3. The method for recommending music based on natural language processing according to claim 1, wherein before obtaining a song vector corresponding to lyrics of each song in the history song list, further comprising:

Constructing an initial deep neural network;

and taking a song vector corresponding to the lyrics of each song in the training song list as input of the initial deep neural network, taking the marked emotion dimension value corresponding to each song as output of the initial deep neural network, and training the initial deep neural network to obtain a song emotion classification model.

4. A music recommendation device based on natural language processing, comprising:

the recommended song list acquisition unit is used for correspondingly acquiring a recommended song list according to the song type corresponding to the emotion value of the target song;

the recommendation list obtaining unit includes:

the second initial list acquisition unit is used for acquiring an initial recommended song list with the same type as the song type from a pre-constructed song library according to the song type corresponding to the emotion value of the target song;

a second song information acquisition unit, configured to acquire song information corresponding to a current song being played; wherein the song information at least comprises a song label combination;

a first set obtaining unit, configured to calculate a coincidence value of a song label combination corresponding to each song in the initial recommended song list and a song label combination of the current song, so as to form a first coincidence value set;

a second set obtaining unit, configured to calculate a coincidence value of a song label vector corresponding to each song in the initial recommended song list and a song label vector of the current song, so as to form a second coincidence value set;

A similarity set obtaining unit, configured to calculate and obtain a comprehensive similarity set corresponding to the initial recommended song list according to a first weight preset by the comprehensive similarity set=a first overlap ratio value set+a second weight preset by the second overlap ratio value set;

and the second song sorting and screening unit is used for acquiring songs positioned before a preset first ranking value in the integrated similarity set so as to form a recommended song list.

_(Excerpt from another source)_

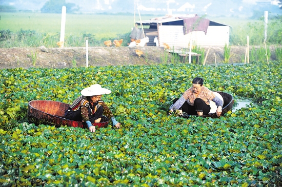 又到了菱角上市的季节。近日,嘉兴市油车港镇马厍村村民正忙着采摘南湖菱,预计今年南湖菱销售将有较好的收益。

5. The music recommendation device based on natural language processing according to claim 4, wherein the song vector acquisition unit comprises:

the word segmentation unit is used for segmenting the lyrics of each song in the history song list through a word segmentation model based on probability statistics to obtain word segmentation results corresponding to the lyrics of each song;

the keyword extraction unit is used for extracting keyword information positioned before a preset first ranking value in a word segmentation result corresponding to the lyrics of each song through a word frequency-inverse text frequency index model to serve as a target keyword set corresponding to the lyrics of each song one by one;

the target vector acquisition unit is used for acquiring target word vectors corresponding to the keyword information in each target keyword set;

And the song vector calculation unit is used for acquiring the song vectors corresponding to each target keyword set one by one according to each target word vector in each target keyword set and the weight corresponding to each target word vector.

6. A computer device comprising a memory, a processor and a computer program stored on the memory and executable on the processor, wherein the processor implements a natural language processing based music recommendation method as claimed in any one of claims 1 to 3 when the computer program is executed.

7. A computer readable storage medium, characterized in that the computer readable storage medium stores a computer program which, when executed by a processor, causes the processor to perform the natural language processing based music recommendation method according to any one of claims 1 to 3.